Les habitudes alimentaires occidentales peuvent avoir des effets délétères sur le microbiote (dysbiose), favorisant l’inflammation et les troubles de l’immunité. Au cours du 36e Congrès de la Société Française de rhumatologie (décembre 2023, Paris) la rhumatologue Alexandra Albert (Neuville, Quebec) a présenté les fondements scientifiques et la mise en pratique d’une approche nutritionnelle qui pourraient aider les patients au cours de leur maladie.
Microbiote et maladies rhumatologiques
Le microbiote intestinal fait référence, principalement, aux bactéries, virus, champignons et bactériophages qui habitent le tractus gastro-intestinal des humains. Un microbiote sain produit plus de 800 métabolites bactériens qui interagissent avec l’organisme, le système digestif, immunitaire, et qui participent à l’équilibre local. En cas de dysbiose, les lipopolysaccharides, les acides nucléiques exogènes ou les toxines peuvent franchir la barrière intestinale, avec des risques immunologiques et de formation d’autoanticorps. En pratique, la dysbiose intestinale est retrouvée dans de nombreuses maladies rhumatologiques : spondylarthrite ankylosante, arthrose, lupus, Sjögren, arthrite psoriasique, fibromyalgie, polyarthrite rhumatoïde, et ces anomalies apparaissent avant la maladie elle-même. La dysbiose (augmentation de la proportion de certaines souches bactériennes) induit une inflammation et la production d’autoanticorps, favorisant l’apparition de la maladie. Par exemple, dans la polyarthrite rhumatoïde et la spondylarthrite ankylosante HLA B27+, plus la dysbiose est sévère, plus la maladie est grave, voire associée à une mort cellulaire intestinale, favorisant la perméabilité et le passage des lipopolysaccharides.

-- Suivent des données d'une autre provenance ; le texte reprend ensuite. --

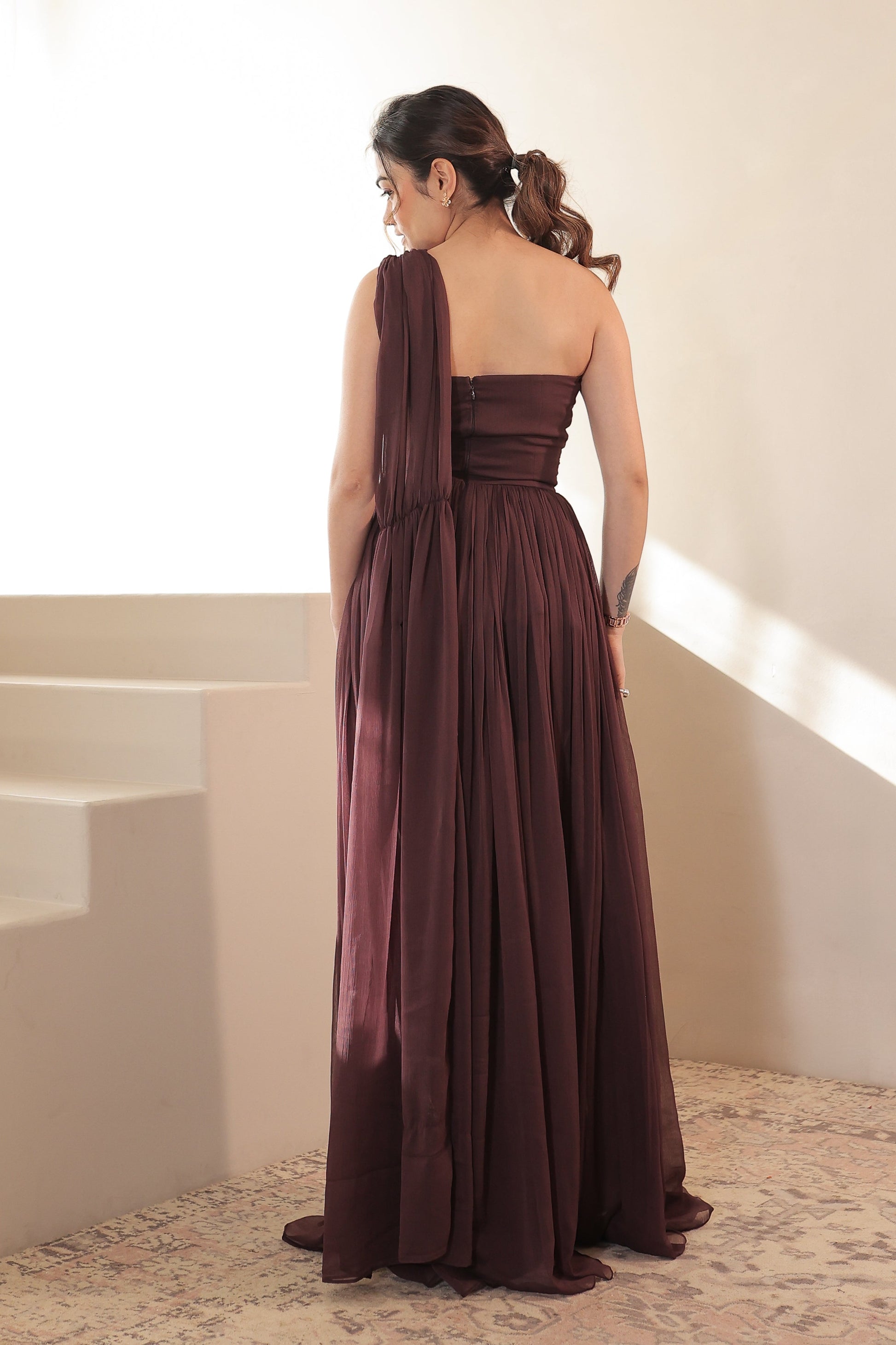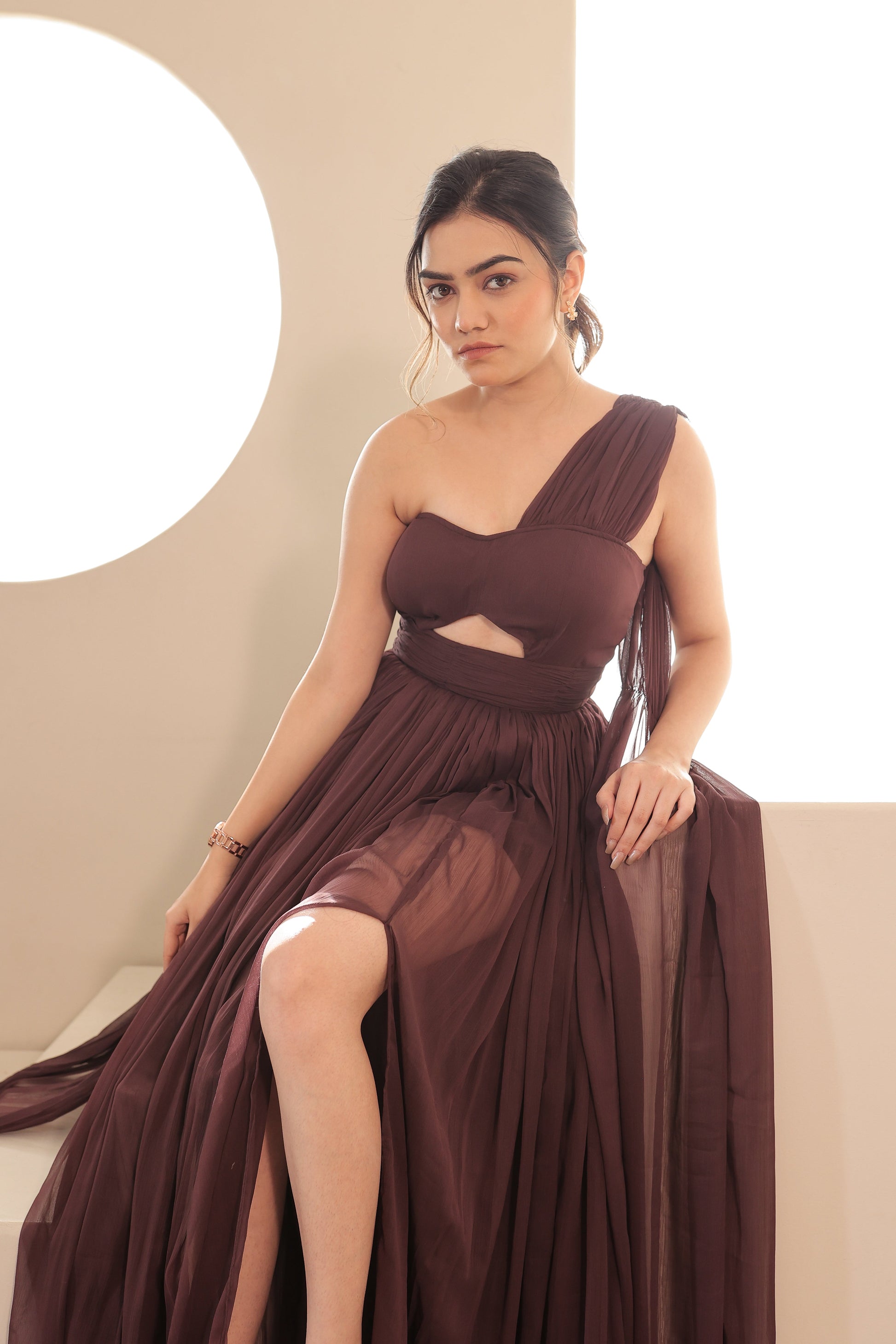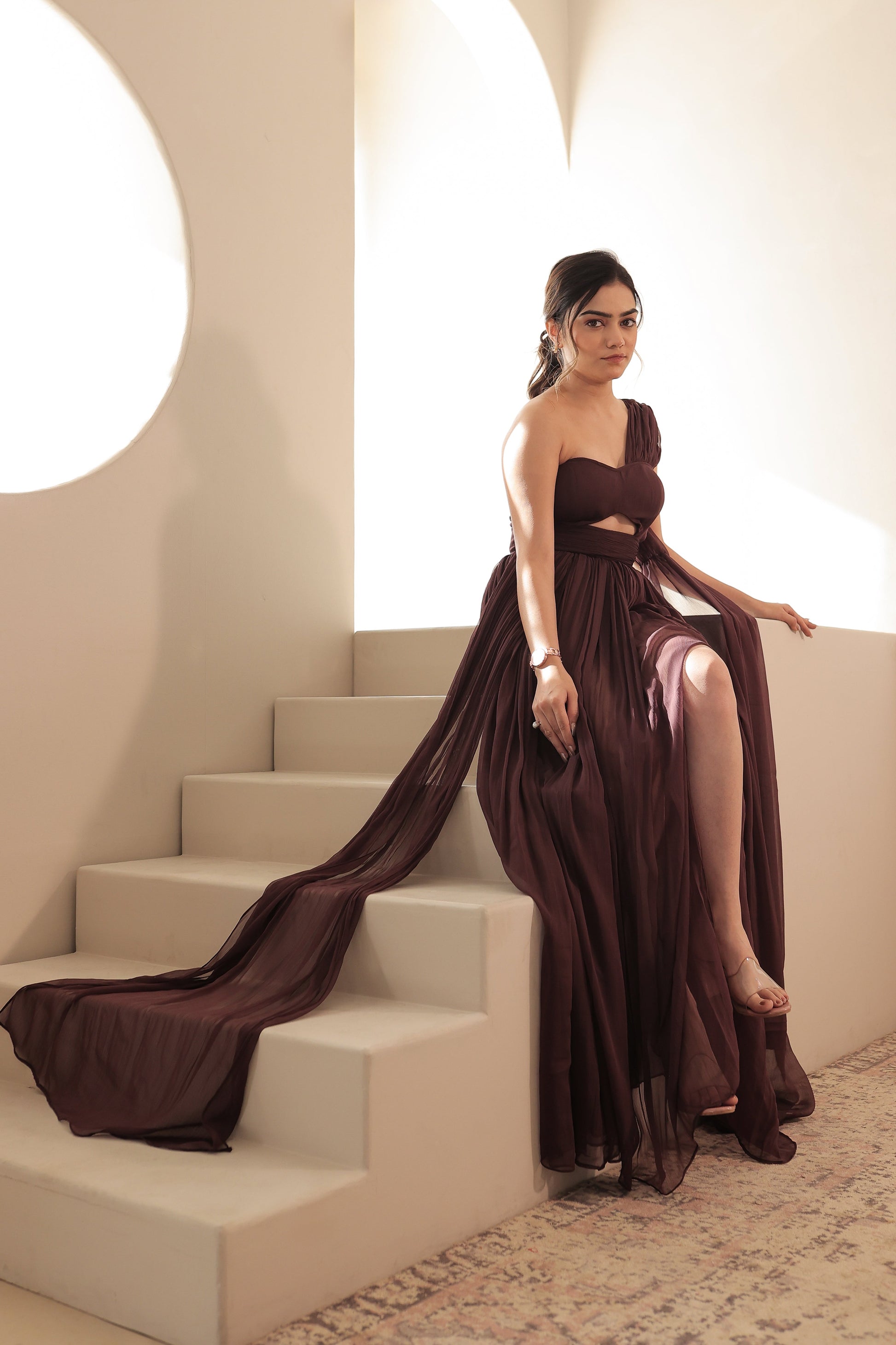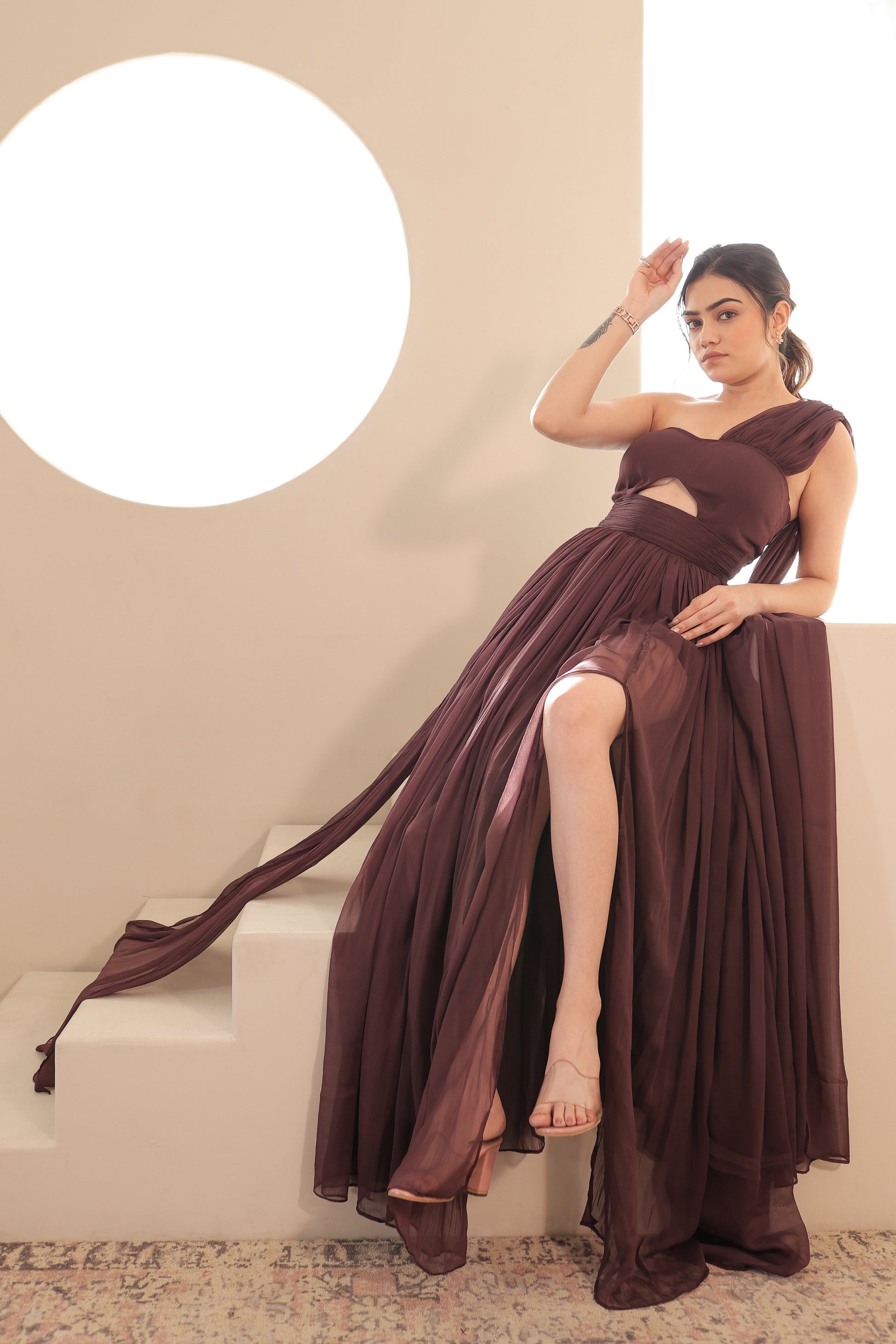 Sultry Brown Draped Gown – Perfect for Birthdays & Luxurious Vacations

Illustration 3D du microbiote et des bactéries intestinales
L’impact de l’alimentation
Le métabolisme intervient dans cette équation, puisque le taux de leptine, modifié par exemple dans l’obésité, module à la fois l’immunité innée et adaptative, et peut ainsi influencer l’inflammation et les maladies auto-immunes. Des études ont décrit l’influence du taux de leptine sur la physiopathologie de l’arthrose ou de la polyarthrite rhumatoïde.
Sur le plan alimentaire, la perméabilité intestinale est augmentée par la gliadine du gluten. La zonuline, issue des jonctions cellulaires, est un marqueur de la perméabilité intestinale : son taux augmente dans les maladies inflammatoires rhumatologiques, parfois même avant les symptômes selon certaines études.
Une alimentation déséquilibrée conduit en premier lieu à une absence ou une carence de cofacteurs importants pour l’immunité (zinc, magnésium…). Certains de ces aliments sont par ailleurs pro-inflammatoires :
- ils ouvrent les jonctions serrées : agglutinines (tomates, aubergines, arachides, soja…), prolamines (blé, seigle, maïs…dont la gliadine), alcool ;
- ils endommagent les entérocytes : agglutinines, prolamines ;
- ou favorisent la dysbiose intestinale : alcool, sucres, agglutinines, oméga-6…
De l’évidence scientifique à la difficile preuve clinique
Comme toujours, les études menées concernant les interventions nutritionnelles ou adaptations alimentaires sont rares, et souvent biaisées méthodologiquement. Il est difficile de corréler les données issues des études fondamentales avec des données cliniques. Pour les patients qui ont des effets secondaires et ne veulent pas prendre certains traitements, des approches hygiéno-diététiques pourraient être envisagées, toujours encadrées par un médecin nutritionniste.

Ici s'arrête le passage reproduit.